ExOne enters tungsten 3D printing partnership with Global Tungsten & Powders Corp

Binder jet 3D printer provider ExOne has entered into a collaboration with Global Tungsten & Powders Corp. (GTP), a metal powder manufacturer headquartered in Towanda, Pennsylvania. In this agreement, the two parties will work to advance the use of tungsten powders in metal binder jet 3D printing. The work is expected to have high impact in the production of cutting tools, wear-resistant parts and applications where high electrical and thermal conductivity is required.

“Metal 3D printing using our exclusive approach to binder jetting has exciting and significant consequences for a variety of manufacturers, including those who make parts with cemented carbide and other tungsten composites,” comments Tim Pierce, ExOne Vice President of Metal Commercial Products. “Our latest development collaboration with GTP will help advance the materials necessary to deliver on the vision of producing these parts faster, with less waste and more geometric design freedom.”

Binder jet 3D printed tungsten powder.
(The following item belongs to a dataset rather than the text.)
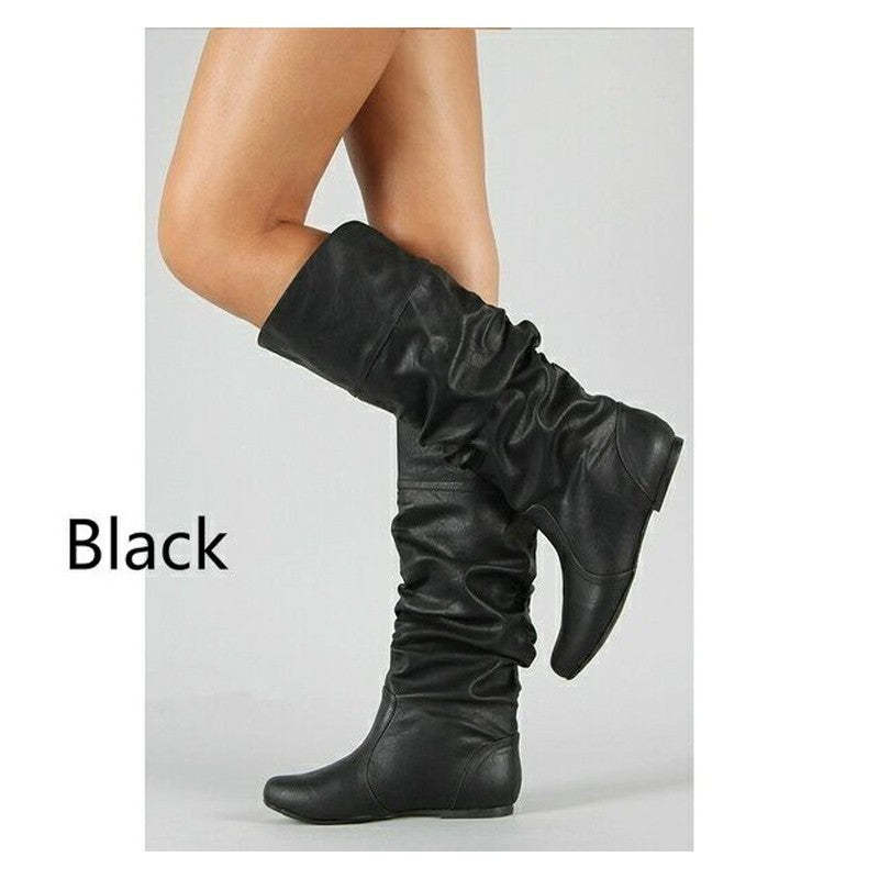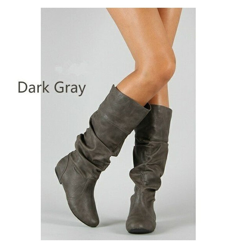 Fashionable Increased PU Round Toe Flat Boots
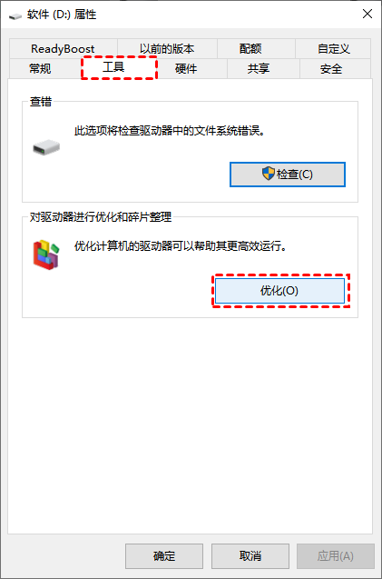 2. 在属性界面点击“工具”栏,再点击“优化”。

Photo via ExOne
Binder jet 3D printed tungsten powder. Photo via ExOne

ExOne binder jet 3D printed tungsten

Tungsten has the highest melting point of all discovered elements, earning it “the Devil particle” nickname when it is found as a contaminant in other powders. With this value however, comes a remarkable robustness, and it is frequently combined with other elements to make heavy metal alloys, used to make rocket nozzles, turbine blades, and other high-wear components.

ExOne 3D printers, including the X1 25PRO and the Innovent+, are already compatible with certain tungsten alloys. In this new partnership with Global Tungsten & Powders Corp. though, the company will be looking into two new metal matrix composites: cemented carbide (WC-Co) and copper-tungsten (CuW).
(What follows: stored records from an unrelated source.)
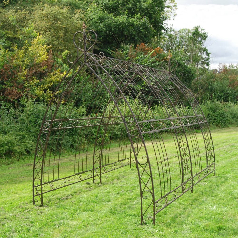 Antiqued bronze powder-coated steel garden tunnel standing over 3.3 metres tall with ornate Gothic arches
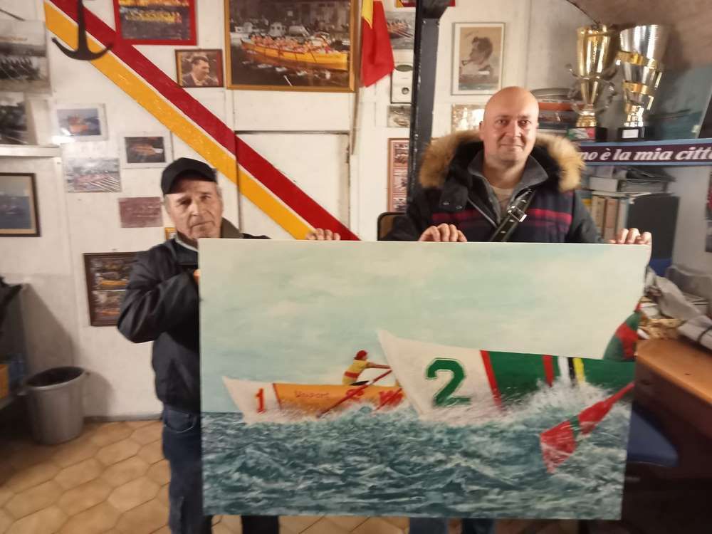 “La sezione nautica Pontino ringrazia l’amico Andrea della Capanna che ieri sera è venuto a trovarci donandoci questo bellissimo quadro da lui fatto.
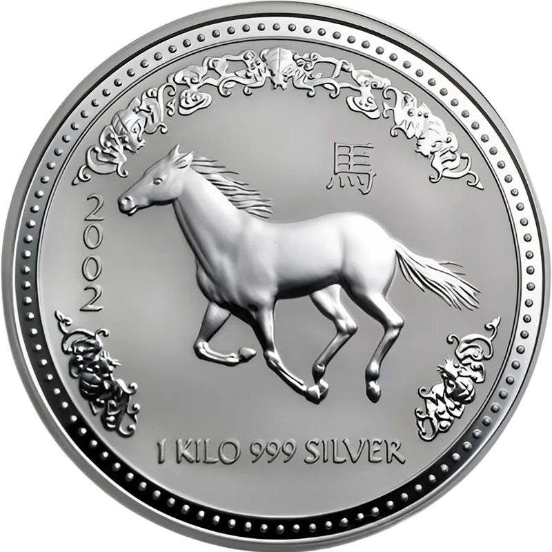 На реверсе изображена скачущая лошадь - символ 2002 года по китайскому календарю, окруженная стилизованным орнаментом. Справа — иероглиф 馬 (Лошадь), слева — 2002 (год чеканки). Внизу надпись -1 KILO 999 SILVER (вес и проба серебра).
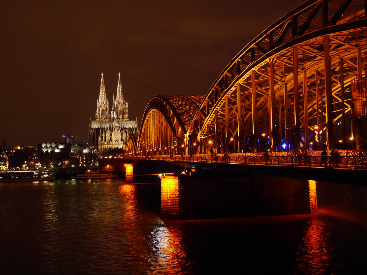 とにかく存在感が凄いです。駅からすぐ見えるので、どこかへ行く途中に下車して少しだけ観光、というのも可能です。ですが夜ライトアップされた大聖堂はとにかく綺麗なのでお時間があればケルンに宿泊しての観光をオススメします。特に対岸から見る大聖堂と橋の景色はあたたかいオレンジの光に包まれていて素敵です。
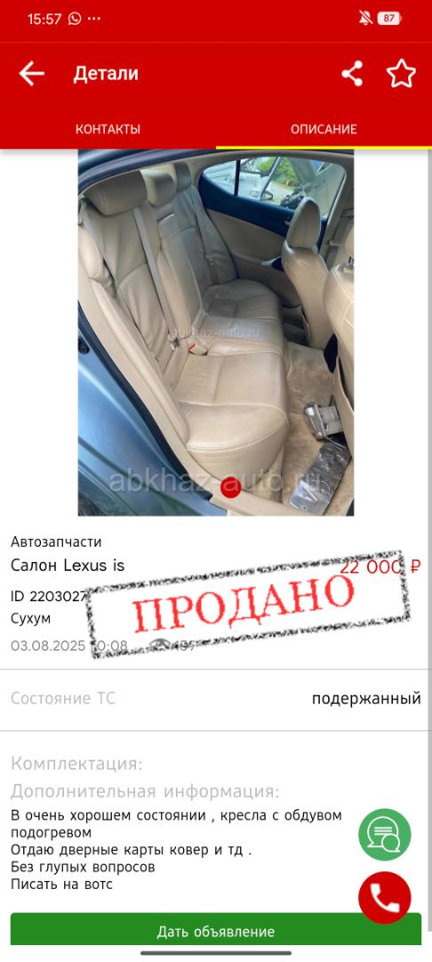 Дополнительная информация: Ищу живые сиденья на lexus is второе поколение Черная кожа, другие не предлагать Писать на Вотсапп звонок могу не увидеть
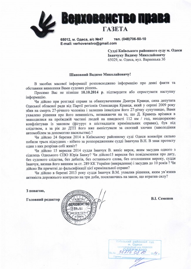 Судья Киевского районного суда г. Одессы Вадим Николаевич Иванчук предоставил ответ на запрос газеты «Верховенство права» по поводу некоторых скандальных судебных дел, находящихся в его производстве.
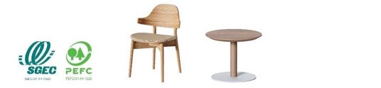 森林・林業の成長産業化や地域振興、資源循環型の社会実現に貢献する FSC(R) 認証のテーブルを採用しました。
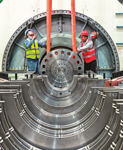 国电电力大同湖东发电有限公司1号机组发电机转子穿装作业一次成功。山西日报记者 刘通 山西日报通讯员 张占兵摄
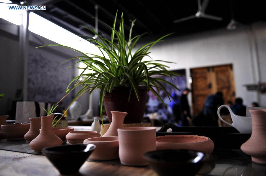 Photo taken on April 11, 2015 shows displayed chinaware in an art center transformed from an abandoned factory storage in the Minxing District in east China's Shanghai. (Xinhua/Zhang Jiansong)

New metal matrixes for additive manufacturing 

WC-Co is a hard and tough material, superior to carbon steel or stainless steel for the production of cutting tools and wear-resistant parts. Cutting tools made from the material also typically give better surface finish to components than when using tools made from other materials. The material is composed of fine particles of carbide cemented into a composite by the binder metal.

Conventionally-made circular saw blade with tungsten-carbide inserts. Photo via Basilicofresco, WikiMedia Commons
Conventionally-made circular saw blade with cemented carbide inserts. Photo via Basilicofresco, WikiMedia Commons

CuW, on the other hand, is a heat-resistant, ablation-resistant, highly thermally and electrically conductive metal matrix. Example applications of this material include  electrodes for electrical discharge machining, semiconductor devices, and contacts for vacuum, oil, and gas systems.

Commenting on the conventional production of the these composites Deborah West, Vice-President Business Unit Refractory & Specialty Powders at GTP, explains, “Traditionally tungsten carbide powder is pressed into the desired shape and then sintered to give it strength and density.” By processing these materials via binder jet 3D printing instead, the partners will be able to reduce costs and increase geometric complexity. “Instead of costly and timely mold construction,” West adds, “the parts now can be printed directly in the desired shape, still using sintering technology to achieve the final strength.”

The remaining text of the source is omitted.